Write A C++ Program Which Takes An Integer N ≥ 0 From

Write a C++ program which: 1. takes an integer n ≥ 0 from stdin provided by the user. 2. creates a string concat primes of length 1000 from the first k prime numbers by concatenating them as strings. (You have to decide on the value of k). 3. The program has to compile and work perfectly in visual studio or xcode (mac) 4. prints the first 5 characters of concat primes starting at index n. For example, the first k prime numbers are 2, 3, 5, 7, 11, 13, 17....

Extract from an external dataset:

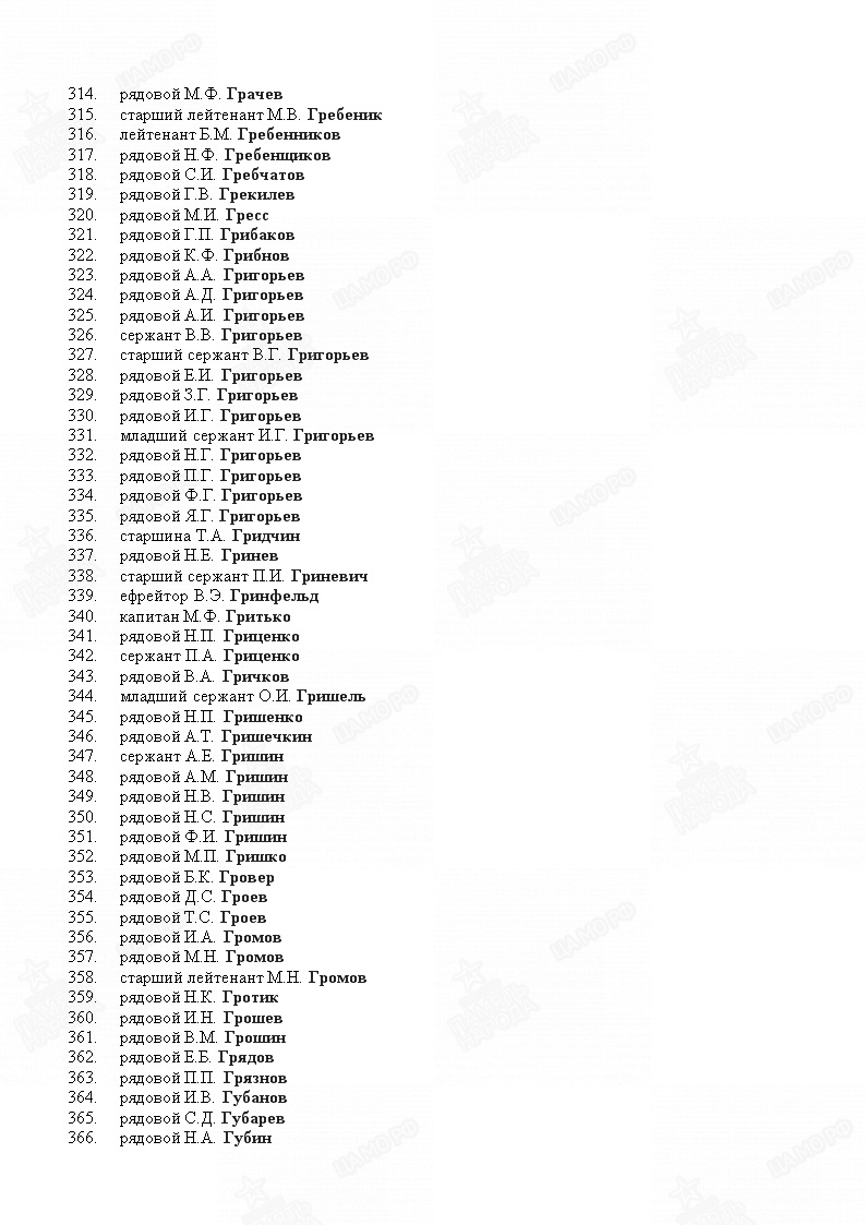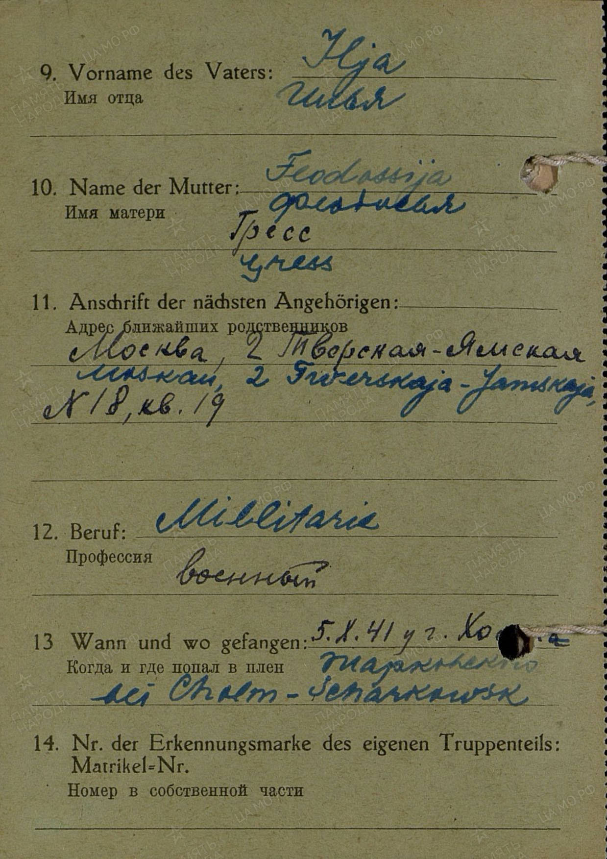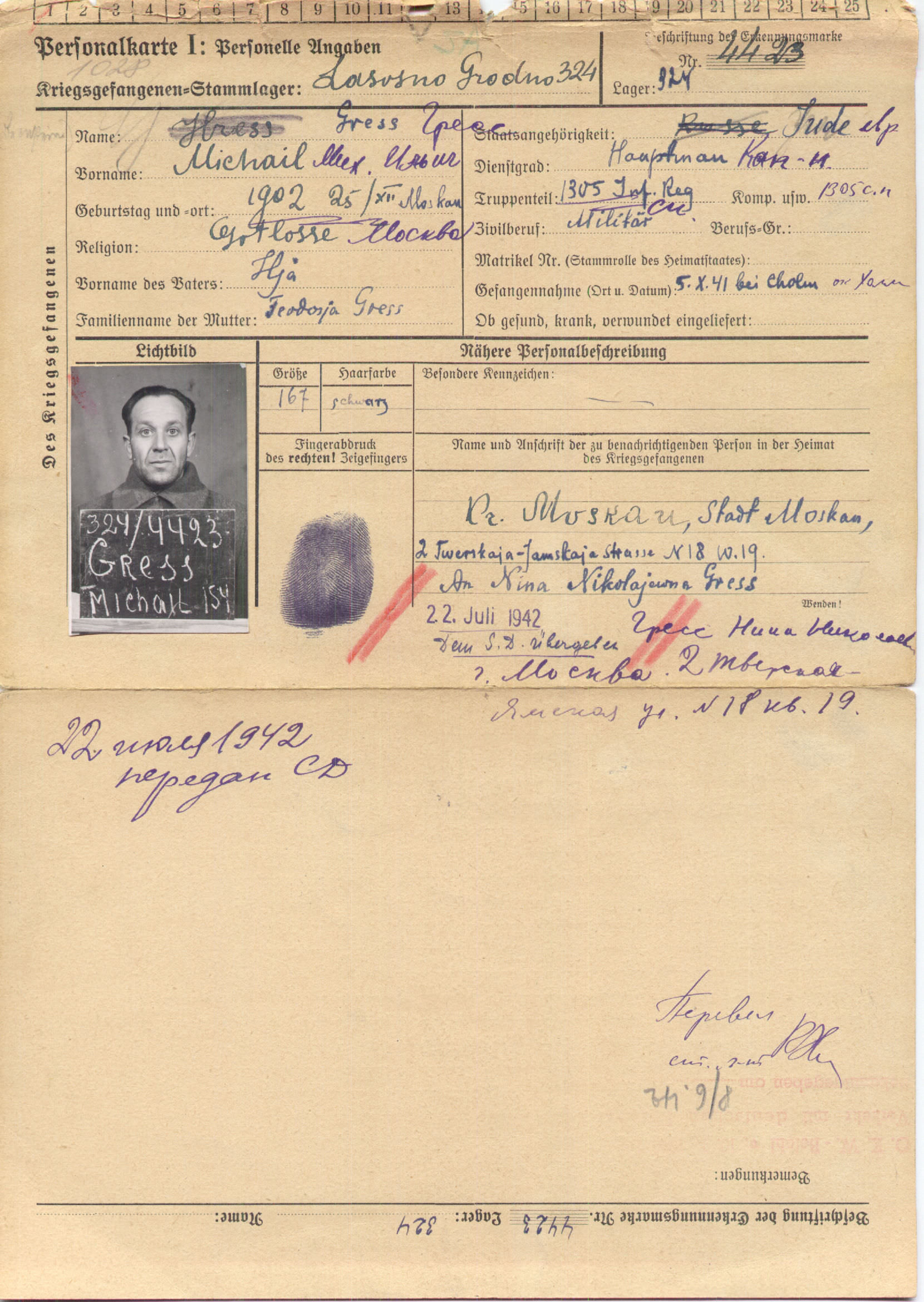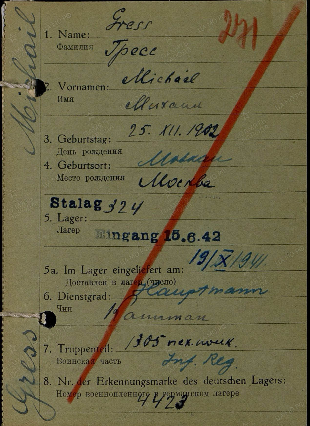 Капитан ГРЕСС МИХАИЛ ИЛЬИЧ, 25.12.1902 года рождения, место рождения Российская Империя, Московская губерния, губернский город Москва (по административному делению СССР: РСФСР, Московская область, г. Москва), еврей. Кадровый офицер. В Великой Отечественной войне с 07.1941 года на Западном фронте, офицер 1307 стрелкового полка, 13 Московской стрелковой дивизии народного ополчения (Ростокинского района; с 26.09.1941 года, преобразована в 140 стрелковую дивизию) Пленён, 5.10.1941 года, во время кровопролитных боёв и гибели дивизии в Вяземском котле, в районе г. " Холм-Жирковским". В плену: шталаг ( лагерь для солдат и сержантов) 324, г. Гродно, Белорусской ССР; лагерный номер: 4423. 22.07.1942 года, как значащийся, по карте пленного, графе национальность: "Jude", передан, на уничтожение, службе безопасности СД (прим.: SD от нем. Sicherheits Dienst). С Великой Отечественной войны не вернулся: погиб в плену. Извещение: Московский ГВК, г. Москва, 2-я Тверская - Ямская улица, дом 18, квартира №19, жена - Гресс Нина Николаевна. Захоронен: Латвийская Республика, край Мадонский, регион Видземе, краевой город Мадона, у.. Пумпуру (Парковая гора) воинское братское захоронение . Вечная Слава и Память капитану ГРЕССУ МИХАИЛУ ИЛЬИЧУ, встретившему, достойно, тяжкую личную и военную судьбу!

Below is a complete C++ program that fulfills the specified requirements. It first prompts the user to input a non-negative integer n (n ≥ 0). It then generates a list of prime numbers until the concatenated string reaches at least 1000 characters in length, concatenating each prime as a string. It determines an appropriate number of primes (k) such that the total length surpasses 1000 characters, ensuring the concat_primes string is sufficiently long. Finally, the program outputs five characters starting at position n in this string. The code is designed to be compatible with Visual Studio and Xcode execution environments.

Code Implementation

#include <iostream>
include <string>
include <vector>
include <cmath>
// Function to check if a number is prime
bool isPrime(int num) {
if (num 
if (num == 2) return true;
if (num % 2 == 0) return false;
int sqrtNum = static_cast(std::sqrt(num));
for (int i = 3; i 
if (num % i == 0) return false;
}
return true;
}
// Function to generate prime numbers until the concatenated string exceeds 1000 characters
std::string get_concatenated_primes() {
const int target_length = 1000;
std::vector primes;
std::string concat_str;
int number = 2; // Start from the first prime
while (concat_str.length() 
if (isPrime(number)) {
primes.push_back(number);
concat_str += std::to_string(number);
}
++number;
}
return concat_str;
}
// Function to extract a substring of 5 characters starting at index n
std::string get_slice_of_5(const std::string& primes_str, int n) {
// Ensure that the start index is within bounds
if (n  static_cast(primes_str.length())) {
// If out of bounds, return an empty string or handle accordingly
return "";
}
return primes_str.substr(n, 5);
}
int main() {
int n;
// Prompt user for input until a valid non-negative integer is entered
while (true) {
std::cout 
std::cin >> n;
if (std::cin.fail() || n 
std::cin.clear(); // Clear error flag
std::cin.ignore(std::numeric_limits<:streamsize>::max(), '\n'); // Discard invalid input
std::cout 
} else {
break;
}
}
// Generate the concatenated string of primes
std::string concat_primes = get_concatenated_primes();
// Output the five-character slice starting at n
std::string result = get_slice_of_5(concat_primes, n);
if (result.empty()) {
std::cout 
} else {
std::cout 
}
return 0;
}

Explanation

This program performs the following key steps:

• Prime Generation: A helper function isPrime determines whether a number is prime using trial division up to its square root. The main function get_concatenated_primes iteratively tests numbers starting from 2 and appends prime numbers to a vector and string until the string's length exceeds 1000 characters.
• Substring Extraction: The function get_slice_of_5 extracts five characters from the concatenated prime string starting from position n. It handles cases where the index might be out of bounds to avoid runtime errors.
• User Input Validation: The main function prompts the user to input a valid non-negative integer n, repeating until valid input is provided.
• Output: The program displays the five characters starting from position n in the concatenated prime string, complying with the requirements specified in the prompt.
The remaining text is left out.